Would you print only the lines running from the one with "Made of durable" to the final line of the data below, word for word and without pictures?

### Collected material
- Opening Delimiter -

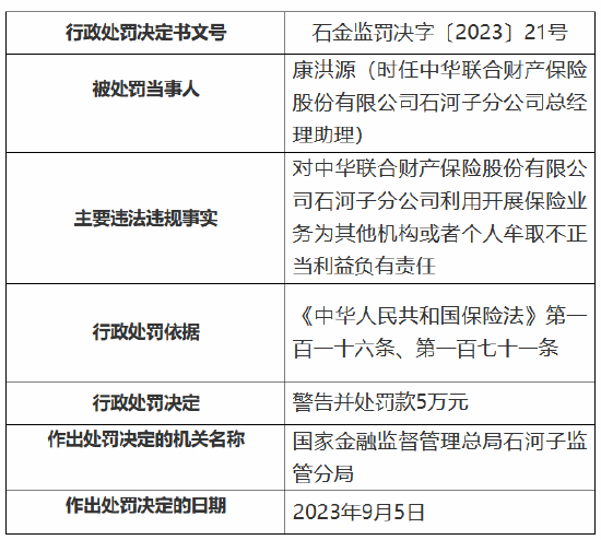 其员工康洪源对中华联合财产保险股份有限公司石河子分公司利用开展保险业务为其他机构或者个人牟取不正当利益负有责任,受到警告并处罚款5万元。
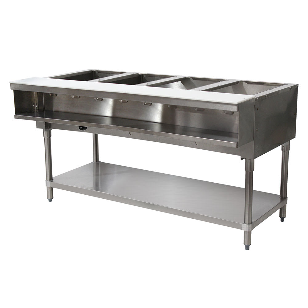 Made of durable stainless steel, the Advance Tabco WB-4G-NAT-X steam table resists rust, dents, and scratches. It is intended to keep prepared foods hot by creating steam. Its four well openings fit (4) 12-inch-by-20-inch food pans with a depth of 73/4-inches. An 8-inch adjustable shelf is secured to the table with die-cast leg clamps, and each leg is inserted into stainless steel gussets with a 1-inch bullet foot for stability. The Advance Tabco WB-4G-NAT-X wetbath hot food table has an 8-inch thermoplastic cutting board that creates space for assembling meals.
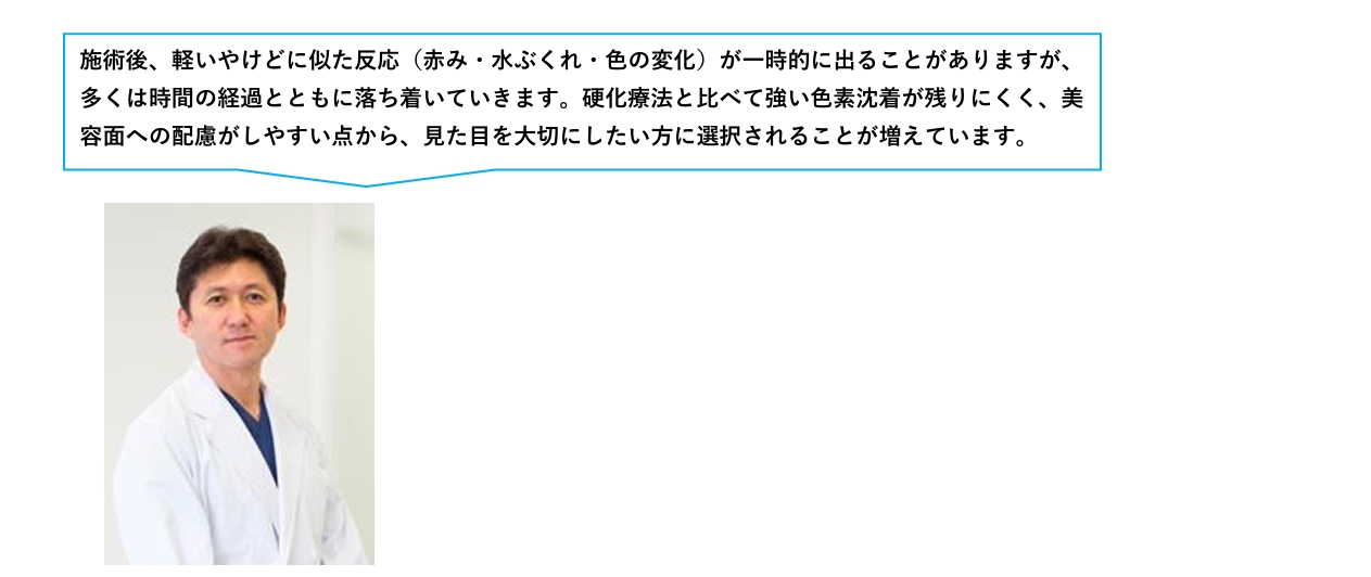かつては、血管の中に硬化剤を注射して壁同士をくっつける「硬化療法」が主でしたが、赤や紫など1mm未満の非常に細い血管には適さない場合があり、治療後に比較的強い色素沈着が1〜2年残ることもありました。

- Closing Delimiter -

### Expected answer
 Made of durable stainless steel, the Advance Tabco WB-4G-NAT-X steam table resists rust, dents, and scratches. It is intended to keep prepared foods hot by creating steam. Its four well openings fit (4) 12-inch-by-20-inch food pans with a depth of 73/4-inches. An 8-inch adjustable shelf is secured to the table with die-cast leg clamps, and each leg is inserted into stainless steel gussets with a 1-inch bullet foot for stability. The Advance Tabco WB-4G-NAT-X wetbath hot food table has an 8-inch thermoplastic cutting board that creates space for assembling meals.
かつては、血管の中に硬化剤を注射して壁同士をくっつける「硬化療法」が主でしたが、赤や紫など1mm未満の非常に細い血管には適さない場合があり、治療後に比較的強い色素沈着が1〜2年残ることもありました。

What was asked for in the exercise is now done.